I'm learning R for a few reasons:

I need to take a statistics class, and this seemed vastly more palatable than some theoretical formulas-on-the-blackboard thing or anything that'd make me use SAS, which has the Interface from Hell (according to my classmates who have been forced to use it). I'm hoping this will be the graduate-school version of ThinkStats (which Sebastian got to take - slight jealousy on my part here, but that's what I get for going to Olin earlier).

R is one of those strange beasts: an open source project that's gotten some damn good traction inside academia.
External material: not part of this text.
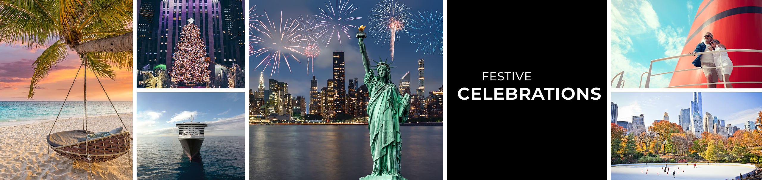 Three cruises, one extraordinary no-fly adventure: savour a festive escape that combines timeless ocean elegance, sun-soaked island bliss, and the magic of New York City at New Year.

In fact, I'd say R lives in large part (although definitely not entirely) within the academic world. Part of that is because it's just a great tool for doing things that academics need to do -- but I am curious to look inside the R community and see how it works and who it's made of, because perhaps there are some subtle adaptations that come with a large portion of your contributors also being based at colleges and universities. For instance, R's 2012 GSoC application says the project does "...not use IRC. It does not fit with the general culture of statisticians and related scientists. We tend to work on packages in small groups of 1-3 people and use other communications channels, i.e. email, telephone." And its 2011 GSoC report is published in a peer-reviewed journal. I'm blinking.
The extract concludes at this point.